レイナはマサシ達に気付き立ち上がった。三人も人混みの間からレイナの前までやって来た。

「よう、今日はどうしたんだ?最近仕事が忙しいって前に言ってたじゃないか」
「今日は予定より早く仕事が片付いてな、退屈になりこうして城下町に下りてきたのだ」
「そうだったか。・・・・あっ!それよりも・・・・」

マサシは自分の後ろを指差して「見ろ」と合図を送った。レイナがマサシの後ろを見ると、コンタが笑いながら手を振った。

「久しぶりだね、レイナ」
「コンタ!いつこっちに戻ったんだ?」
「ついさっきだよ、そこでマサシとジゼルに会ってね。それにしても久しぶりだね、4ヵ月前にここに戻って来た時は君は忙しくて会えずに町を出ちゃったんだもん」
「それは仕方がないだろう、私も銃士隊の隊長としての仕事で忙しかったのだ」
「相変わらずクールだね」

苦笑いしながら少し高いレイナの顔を見上げるコンタ。すると、レイナはさっきまでのクールな表情から小さな笑顔へ変わってコンタを見下ろした。

「だが、こうしてまた会えて嬉しいぞ」
「僕もだよ」

そう言って二人は再会の挨拶代わりとして軽く抱き合った。マサシとジゼルもそんな二人を見て小さく笑った。

「それよりも、お前達はどうしてここに来たのだ?」
「俺とジゼルは新しい依頼がきてるか見に来たんだ。

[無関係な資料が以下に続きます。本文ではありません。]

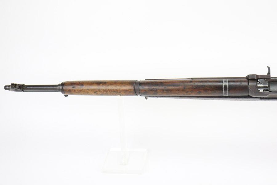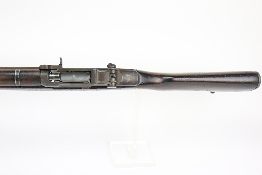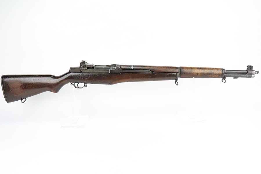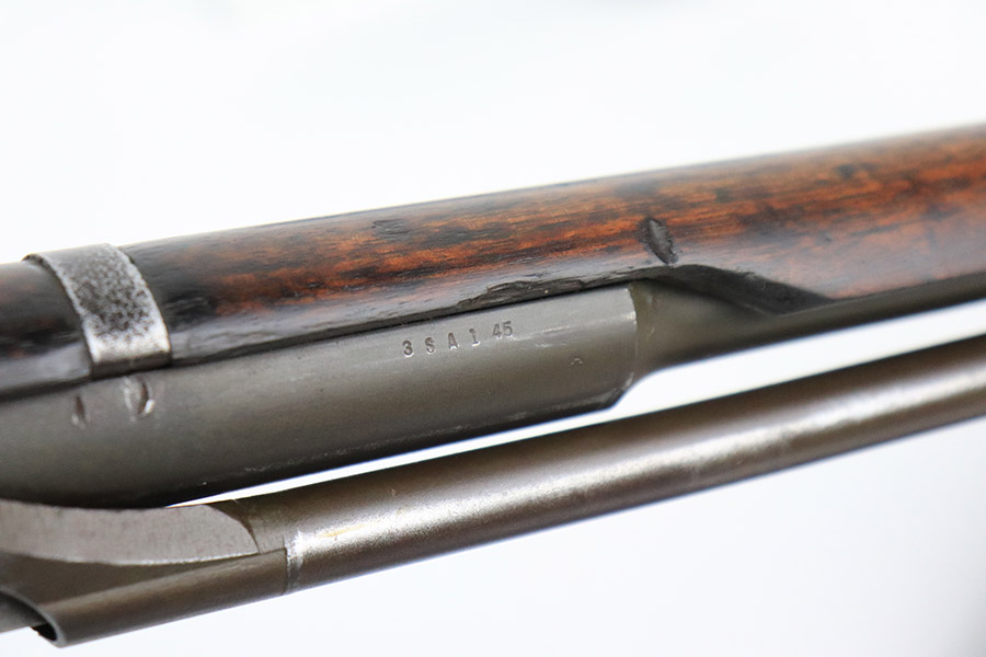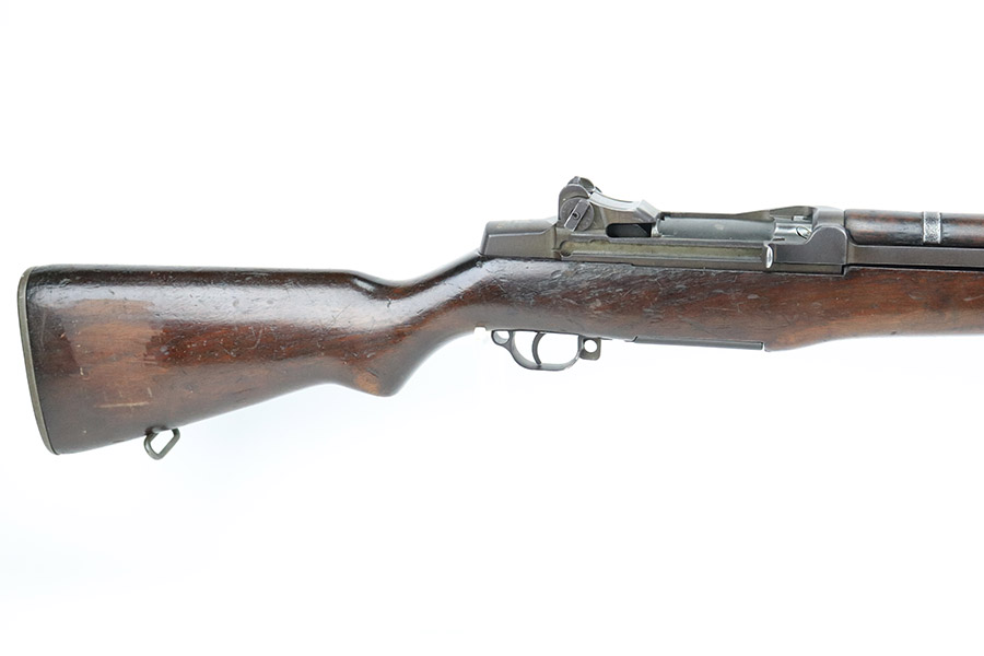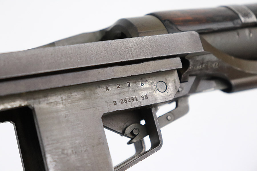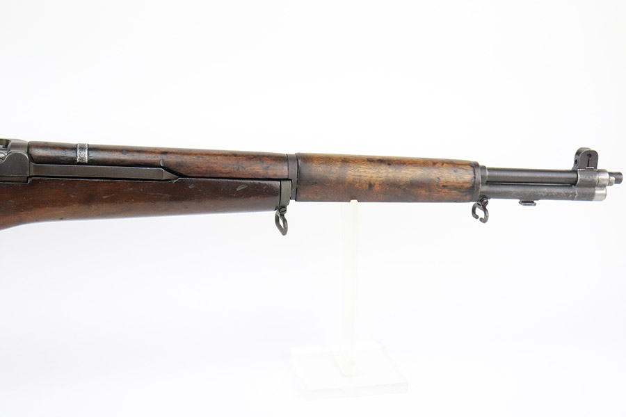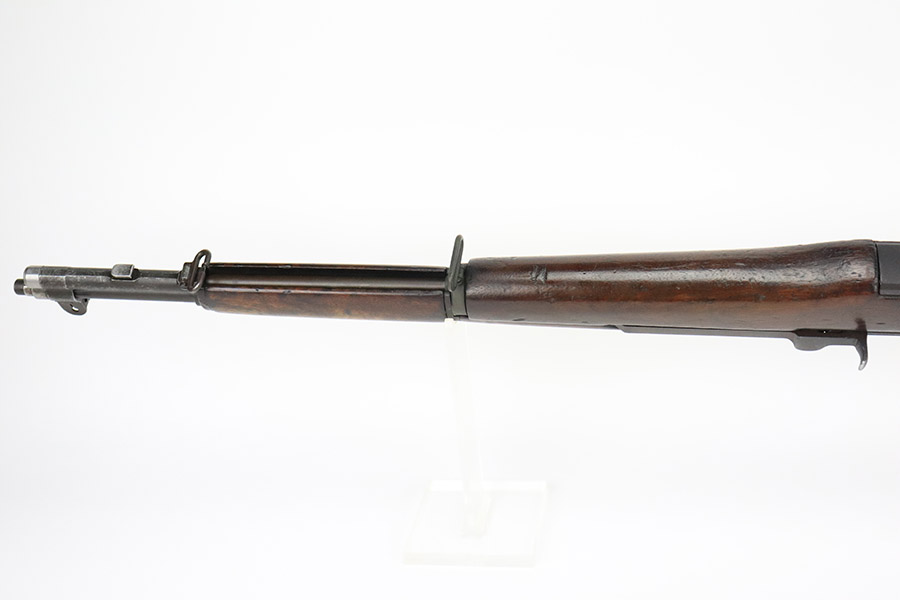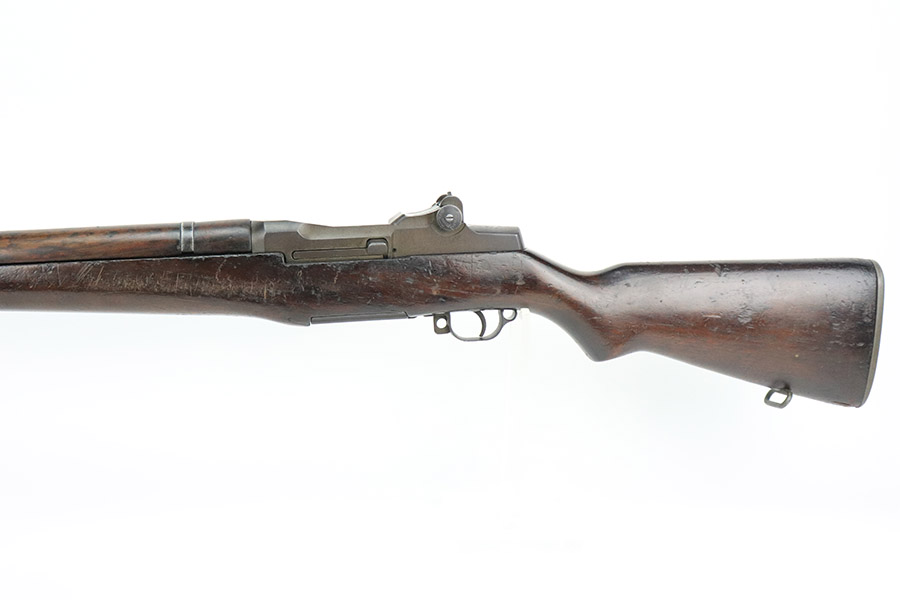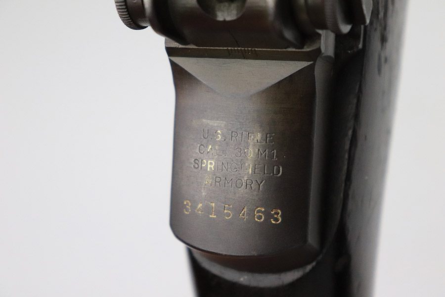 11/23/22 – This is a nice example of a Springfield M1 Garand issued to the US military during WW2. The receiver dates to early 1945. The barrel is Springfield marked and dated January of 1945. The stock has the proper cross canon cartouche and SA acceptance stamp but there is a faint “RIA EB” marking on the left side of the butt stock, indicating this gun was reworked at the Rock Island Arsenal at some point. Overall, the gun is in very nice condition, retaining about 96% of its finish. The majority of the wear is around the muzzle. While there is very little actual finish loss, there is some light spotty brown patina under the finish on the receiver. Oxidation on the rear-most barrel band. The stock has no major damage, but it is quite rough. There are noticeable dings, dents, and bruises throughout. An area of noticeable scratching on the left side, an area of finish loss on the right side of the butt stock where it looks like a rack number was removed. The color of the handguards does not match the rest of the stock. Throat reading: 1. Muzzle reading: 1. The bore is shiny with good rifling, but there is some spotty oxidation here and there.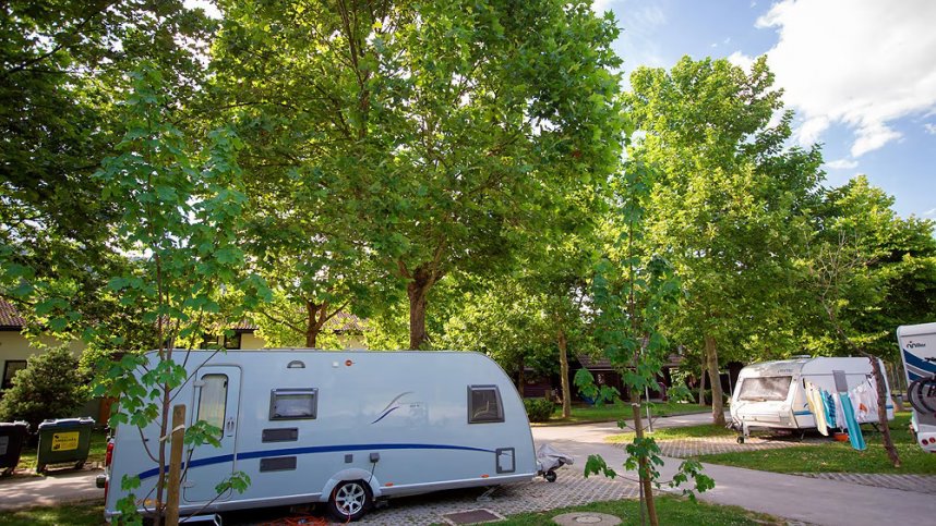 Camping Terme Olimia is an All-Year site near Podčertek, a town in eastern Slovenia situated along the Croatian border. This is a large site with many privately owned cottages and mobile homes. The area surrounding the site is hilly. The site grounds, on the other hand, are flat. The site has 75 grass/hardstanding touring pitches with a 16-amp hook-up point. There are also 28 lodge tents and mobile homes available to hire. The area reserved for touring units is small and part of a holiday park with bungalows and glamping tents. The pitches are arranged in small lanes, and the grounds are well-kept.

その途中にコンタと会ってな、なにかおごってやるって話になったんだ」
「そうか、では再会を祝って今日ははしゃぐ事にするか」
「おおっ!お前にしちゃ珍しいな。こういう騒ぎ事は好きじゃなかったんだろう?」

珍しく自分から参加してきたレイナにマサシは少し意外に思った。

「私だって変わっている。昔のようなクールだけの性格じゃない」
「ハハハッ、ワリィワリィ」

笑いながら謝るマサシ。その隣に立っていたジゼルが手を叩きながら話に入ってきた。

「ハイハイ、話は後でゆっくりしましょう。まずは再会のお祝いから」
「おっと、そうだったな。それじゃあ俺は席を取ってくる」
「あたしは飲み物とかを注文してくるわ」
「僕も行くよ」

ジゼルとコンタはカウンターに食べ物と飲み物を取りに行った。するとレイナはカウンターの方へ歩き出した。

「では私は酒を取ってくる。マサシ、お前もどうだ?」
「俺はまだ二十歳になってない」
「フッ、そうだったな」

小さく笑いながらカウンターへ向うレイナ。そんな後ろ姿を見てマサシは笑った。

「アイツ、本当に変わったな。昔はあんな風に言う事はなかったのに。まぁ、変わったのは俺達もだけどな」

そう言ってマサシは空いている席がないか探しに行った。仲間達の再会と過去の振り返り。ここから彼等の新しい物語が始まる。